%%

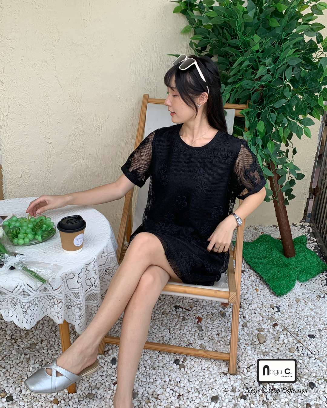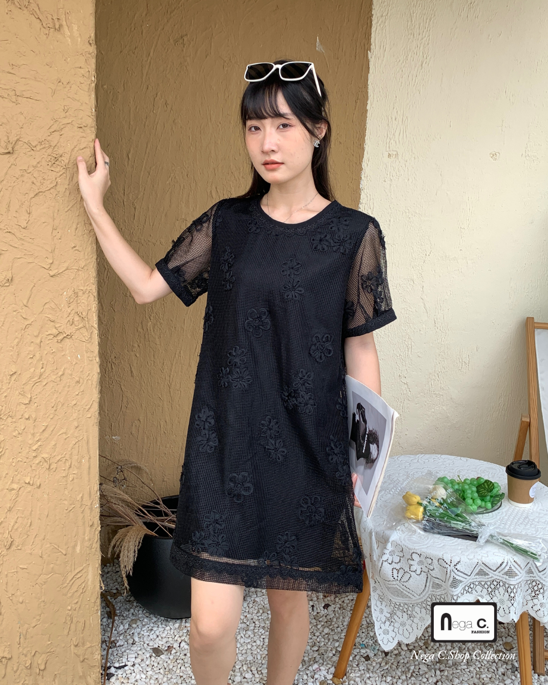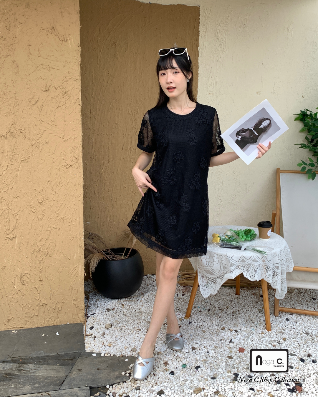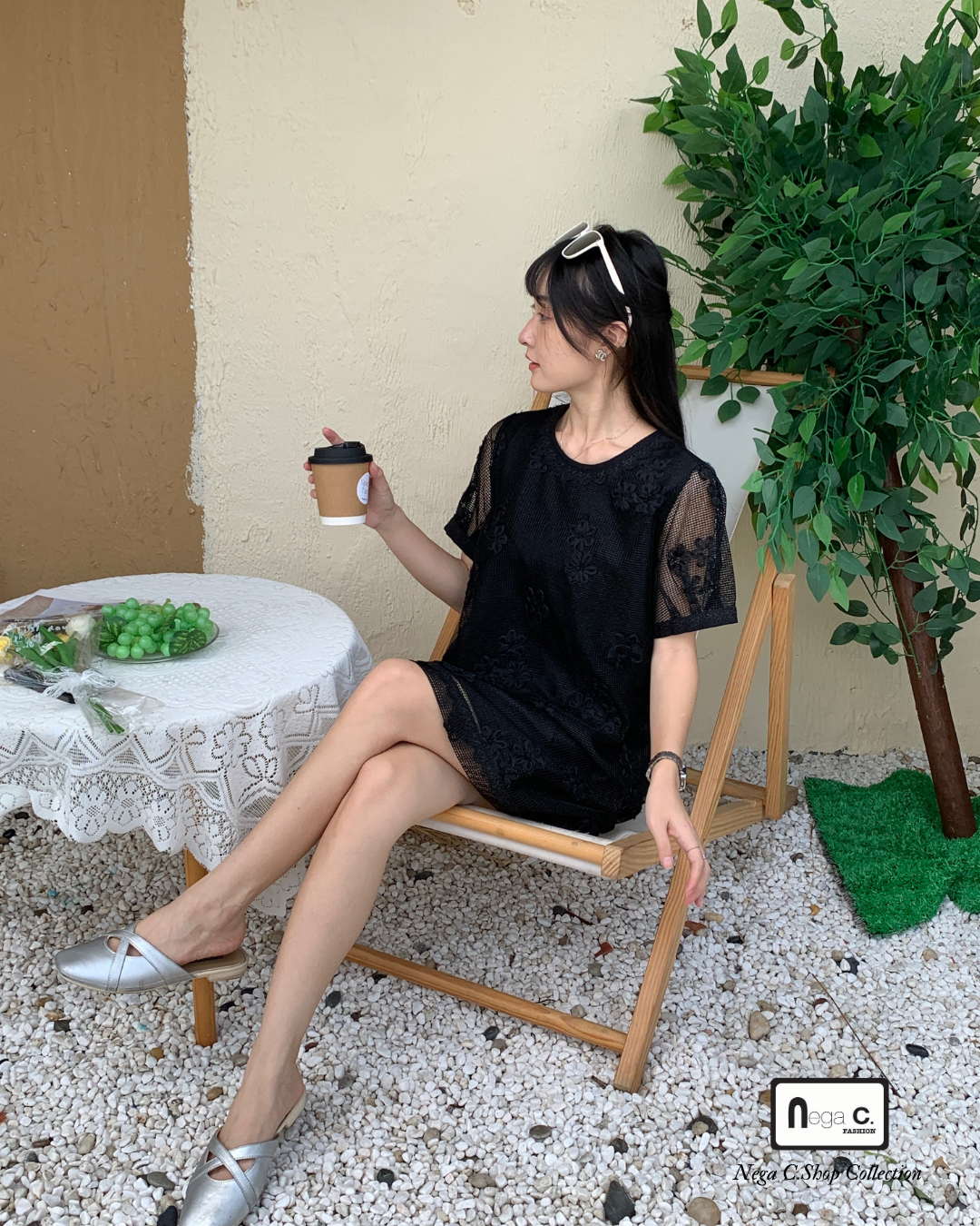 | 圓領蕾絲A型連身裙|黑色|有裡襯|無彈
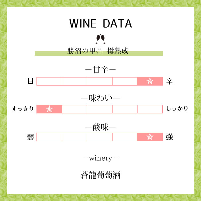 樽の香り、酸味、甲州のもつふくよかさが非常にマッチし、スッキリとした味わいのワインです。
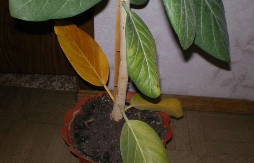Причината за изхвърлянето на листата е ниската влажност. В този случай те също пожълтяват. Листата трябва да се избърсват и пръскат по-често. До него се поставя съд с мокра експандирана глина.
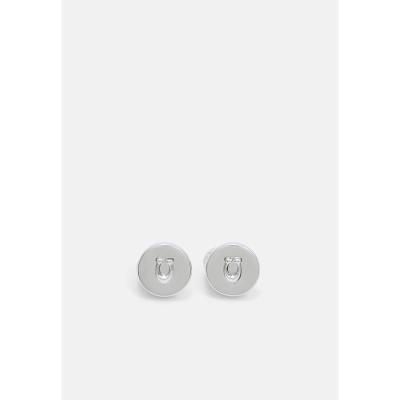 COACH女士银色 coins图案 cubic zirconia 耳钉小巧百搭日常通勤耳饰
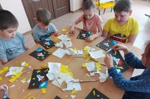Цель: закреплять умение создавать сюжетную картинку в аппликации. Учить передавать форму ракеты, закреплять знания о Луне, планетах, космосе.
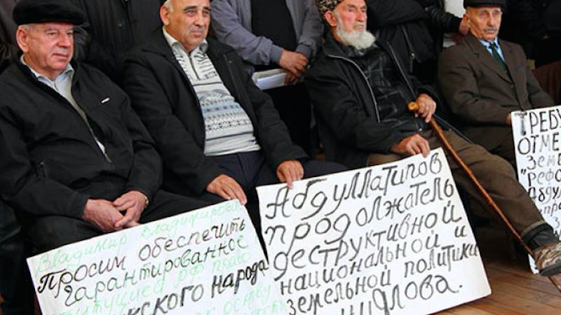 Dağıstan’da yaşayan Kumuklar özerkliğin olmamasını dile getirmeye çalışırken kendilerine ait olan yerleşim ve hayvancılık arazilerinin yerel hükümet tarafından Avar ve Lak olan dağlı Dağıstanlılara dağıtılmasından şikayetçi. Mahaçkale civarı maddi değeri yüksek olan yerleşime uygun toprakların Kumuklara sorulmadan dağlık bölgelerden gelenlere dağıtılması geniş toprak kavgalarına ve Kumukların protestolarına neden oluyor. Bu toprakların kendilerine ait olduğunu Dağıstan’ın kuruluşunda kendilerinin ve Türklerin önemini vurgulamayı amaçlayan Kumuklar burada Kafkas Ordusu’na ait anıt da inşa etti. Söz konusu anıt ilk önce yıkılmak istendi ancak daha sonra üstünde yazı olan tabela sökülerek başka bir tabela ile değiştirildi. Kumukların bu durumu protestosu ise sonuçsuz kaldı.
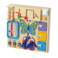 Тактильный бизиборд представляет собой легкую и прочную деревянную панель, на которой располагаются вариативные развивающие элементы: двери с замочками, счеты, шнуровка, лабиринт, выключатель и т.д.
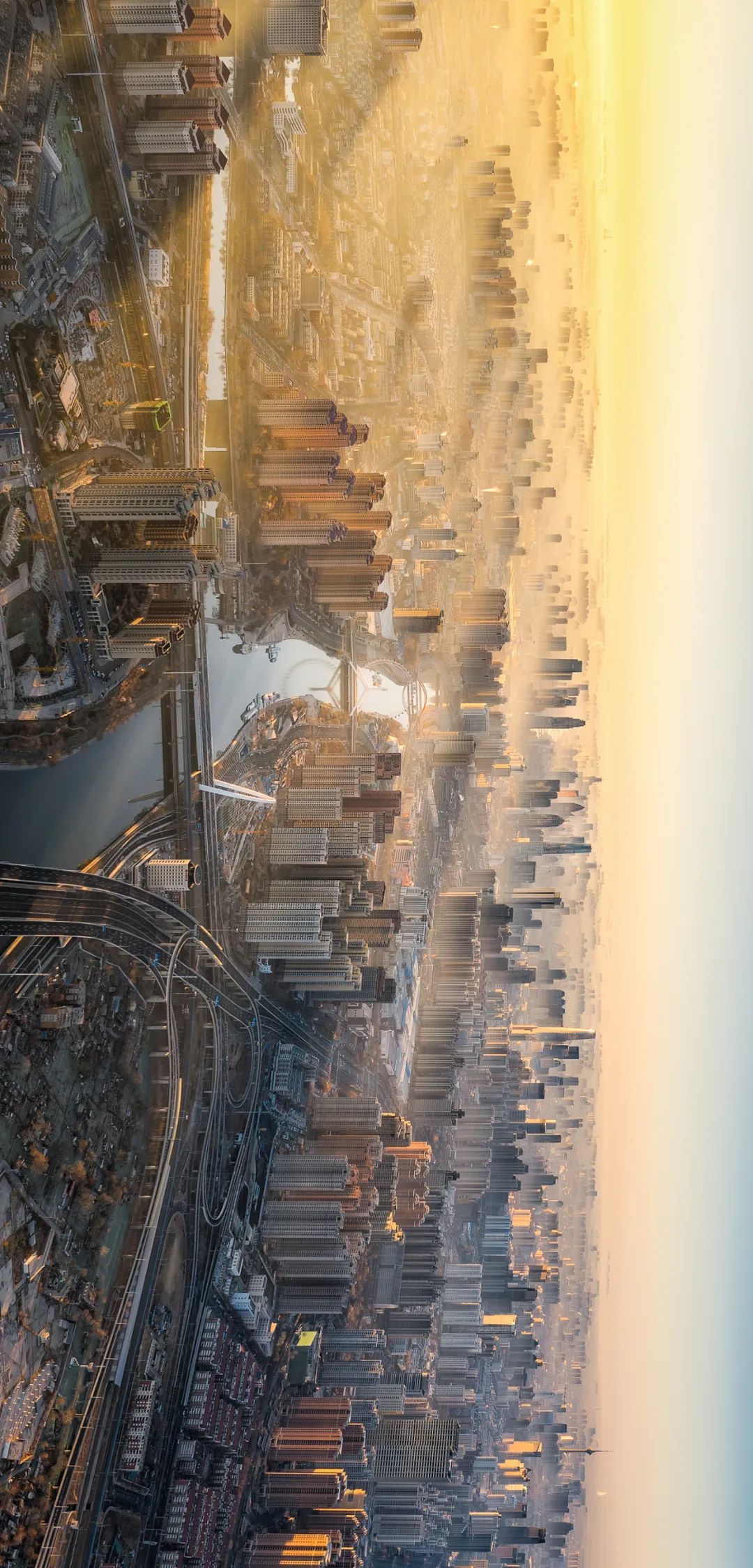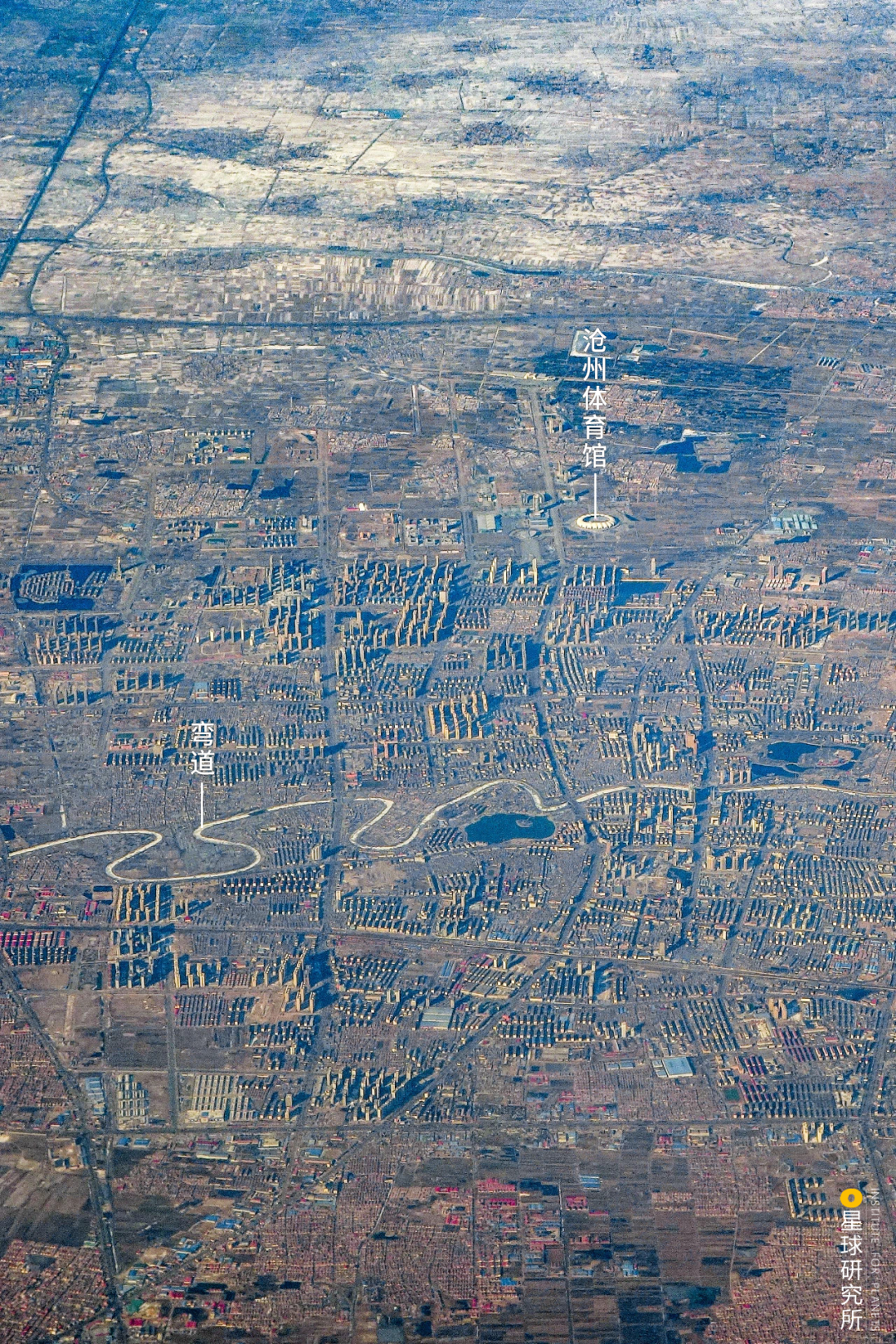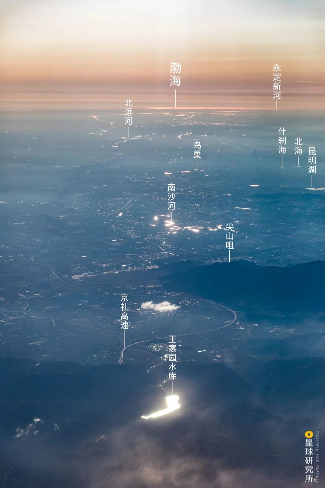 (由于当时金中都已被焚毁,元大都在金中都的东北方重新规划建设;下图是俯瞰北京周边地势,摄影师在河北怀来县上空,视野穿过北京、天津城区直达渤海海滨,直线距离超过200千米,摄影师@陈肖)
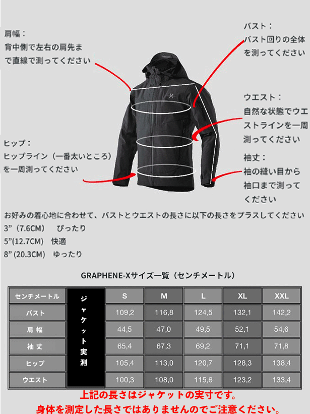 Graphene-X αシリーズジャケットは、日本製の洋服よりも少し大きめの作りとなっておりますので、普段着ているものの一つ下のサイズをお選びいただくことをオススメしております。
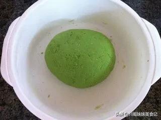 将菠菜汁和糯米粉混合。和成光滑的面团。
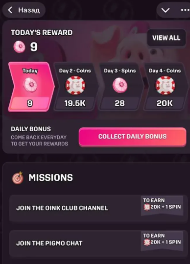 Колесо фортуны в Тг «Пиг» – центральный элемент монетизации проекта. Разделено на сектора с разными призами. Можно выиграть монеты, дополнительные спины или мультипликаторы.
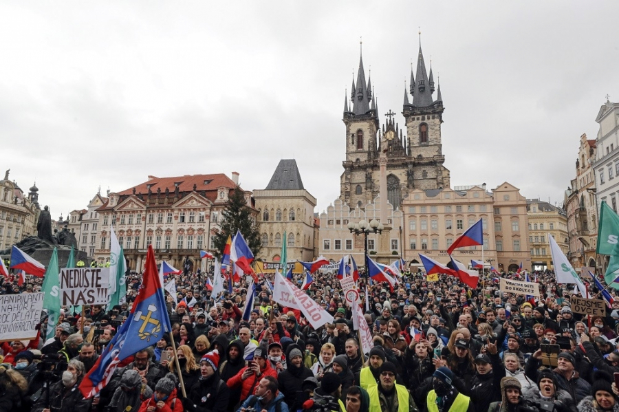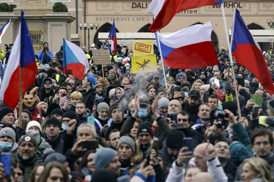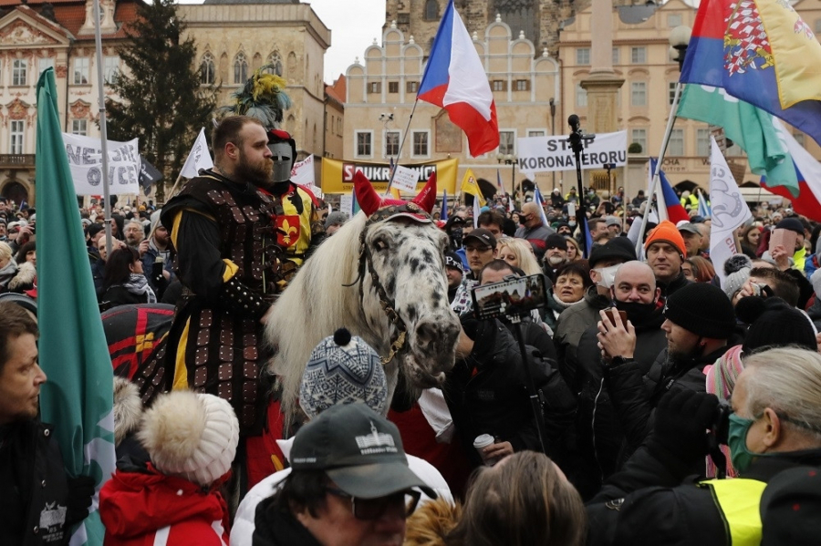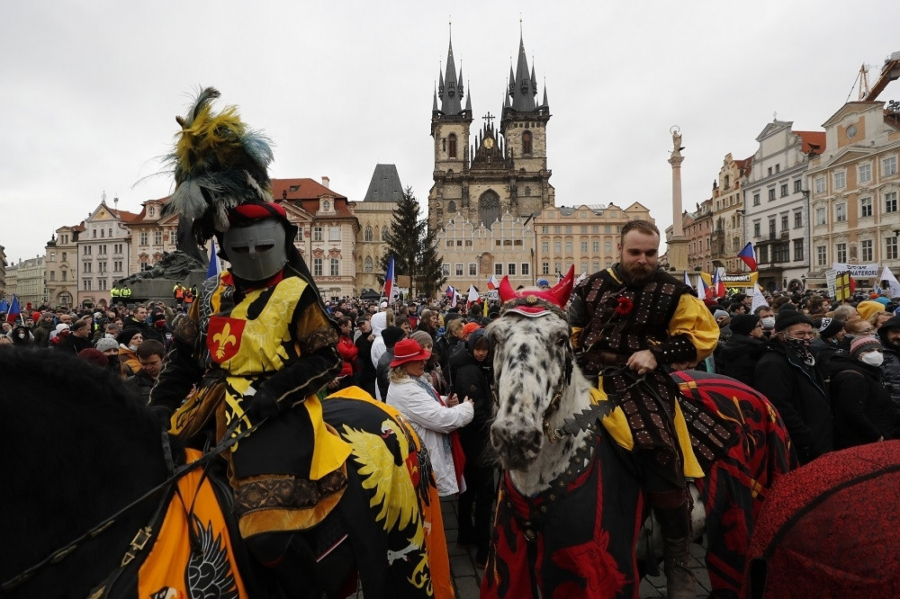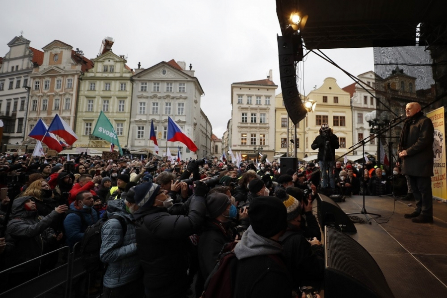 Okupljeni protivnici sanitarnih mera skandirali su "Mi hoćemo da živimo", a podržao ih je danas sa podijuma i bivši premijer i kasnije predsednik Češke Vaclav Klaus koji odbija vakcinaciju i sanitarne mere, a označen je i više puta tokom pandemije za dezinformatora koji širi lažne vesti.
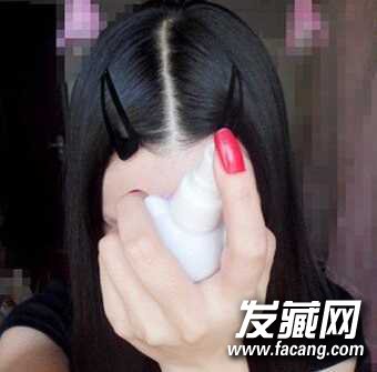 步骤5、往喷壶里装满水,然后用喷壶喷水把刘海打湿;
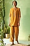 Featuring a mustard kurta in chanderi and voile base with palm tree motif embroidery. It is paired with pants. Accentuate it with statement earrings and heels for an evening or a festive look or family gathering.
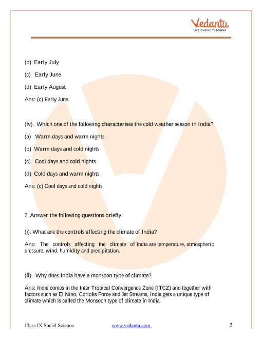 Ncert Solutions For Class 9 Social Science Contemporary India Chapter 4 Climate
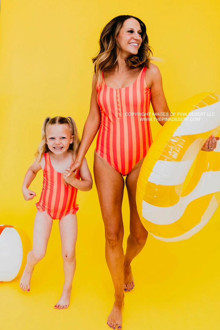 Mix and match with the mommy suits in Sorbet Stripe: Button Front One Piece, High Waist Swim Bottoms, Button Front Midkini, High Waist Tie Front Swim Bottoms
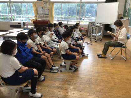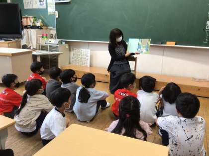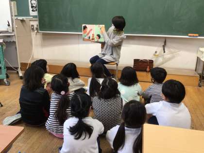 今朝は絵本の読み聞かせ「ほたるの会」があり、6名の読み聞かせボランティアさんが各教室で絵本を読んでくださいました。
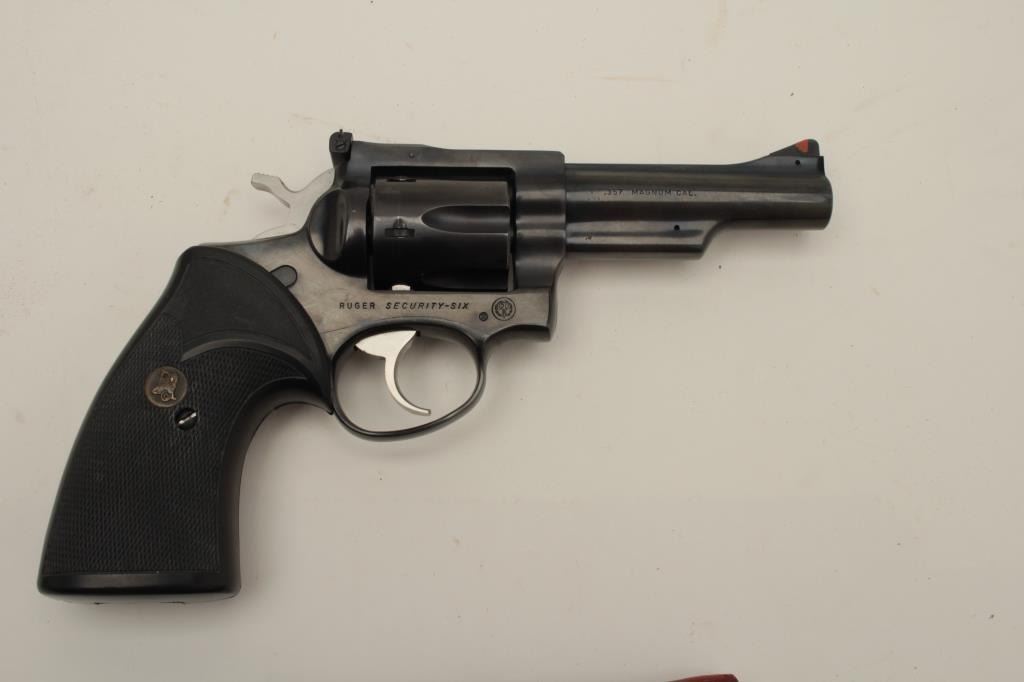 Lot 1343 Ruger Security-Six Model DA revolver, .357 Magnum caliber, 4” barrel, blued finish, checkered hard

%%

» **Task details**
Everything in the listing is to be returned word for word, except the pictures.

» **Reply**
 | 圓領蕾絲A型連身裙|黑色|有裡襯|無彈
 樽の香り、酸味、甲州のもつふくよかさが非常にマッチし、スッキリとした味わいのワインです。
Причината за изхвърлянето на листата е ниската влажност. В този случай те също пожълтяват. Листата трябва да се избърсват и пръскат по-често. До него се поставя съд с мокра експандирана глина.
 COACH女士银色 coins图案 cubic zirconia 耳钉小巧百搭日常通勤耳饰
Цель: закреплять умение создавать сюжетную картинку в аппликации. Учить передавать форму ракеты, закреплять знания о Луне, планетах, космосе.
 Dağıstan’da yaşayan Kumuklar özerkliğin olmamasını dile getirmeye çalışırken kendilerine ait olan yerleşim ve hayvancılık arazilerinin yerel hükümet tarafından Avar ve Lak olan dağlı Dağıstanlılara dağıtılmasından şikayetçi. Mahaçkale civarı maddi değeri yüksek olan yerleşime uygun toprakların Kumuklara sorulmadan dağlık bölgelerden gelenlere dağıtılması geniş toprak kavgalarına ve Kumukların protestolarına neden oluyor. Bu toprakların kendilerine ait olduğunu Dağıstan’ın kuruluşunda kendilerinin ve Türklerin önemini vurgulamayı amaçlayan Kumuklar burada Kafkas Ordusu’na ait anıt da inşa etti. Söz konusu anıt ilk önce yıkılmak istendi ancak daha sonra üstünde yazı olan tabela sökülerek başka bir tabela ile değiştirildi. Kumukların bu durumu protestosu ise sonuçsuz kaldı.
 Тактильный бизиборд представляет собой легкую и прочную деревянную панель, на которой располагаются вариативные развивающие элементы: двери с замочками, счеты, шнуровка, лабиринт, выключатель и т.д.
 (由于当时金中都已被焚毁,元大都在金中都的东北方重新规划建设;下图是俯瞰北京周边地势,摄影师在河北怀来县上空,视野穿过北京、天津城区直达渤海海滨,直线距离超过200千米,摄影师@陈肖)
 Graphene-X αシリーズジャケットは、日本製の洋服よりも少し大きめの作りとなっておりますので、普段着ているものの一つ下のサイズをお選びいただくことをオススメしております。
 将菠菜汁和糯米粉混合。和成光滑的面团。
 Колесо фортуны в Тг «Пиг» – центральный элемент монетизации проекта. Разделено на сектора с разными призами. Можно выиграть монеты, дополнительные спины или мультипликаторы.
 Okupljeni protivnici sanitarnih mera skandirali su "Mi hoćemo da živimo", a podržao ih je danas sa podijuma i bivši premijer i kasnije predsednik Češke Vaclav Klaus koji odbija vakcinaciju i sanitarne mere, a označen je i više puta tokom pandemije za dezinformatora koji širi lažne vesti.
 步骤5、往喷壶里装满水,然后用喷壶喷水把刘海打湿;
 Featuring a mustard kurta in chanderi and voile base with palm tree motif embroidery. It is paired with pants. Accentuate it with statement earrings and heels for an evening or a festive look or family gathering.
 Ncert Solutions For Class 9 Social Science Contemporary India Chapter 4 Climate
 Mix and match with the mommy suits in Sorbet Stripe: Button Front One Piece, High Waist Swim Bottoms, Button Front Midkini, High Waist Tie Front Swim Bottoms
 今朝は絵本の読み聞かせ「ほたるの会」があり、6名の読み聞かせボランティアさんが各教室で絵本を読んでくださいました。
 Lot 1343 Ruger Security-Six Model DA revolver, .357 Magnum caliber, 4” barrel, blued finish, checkered hard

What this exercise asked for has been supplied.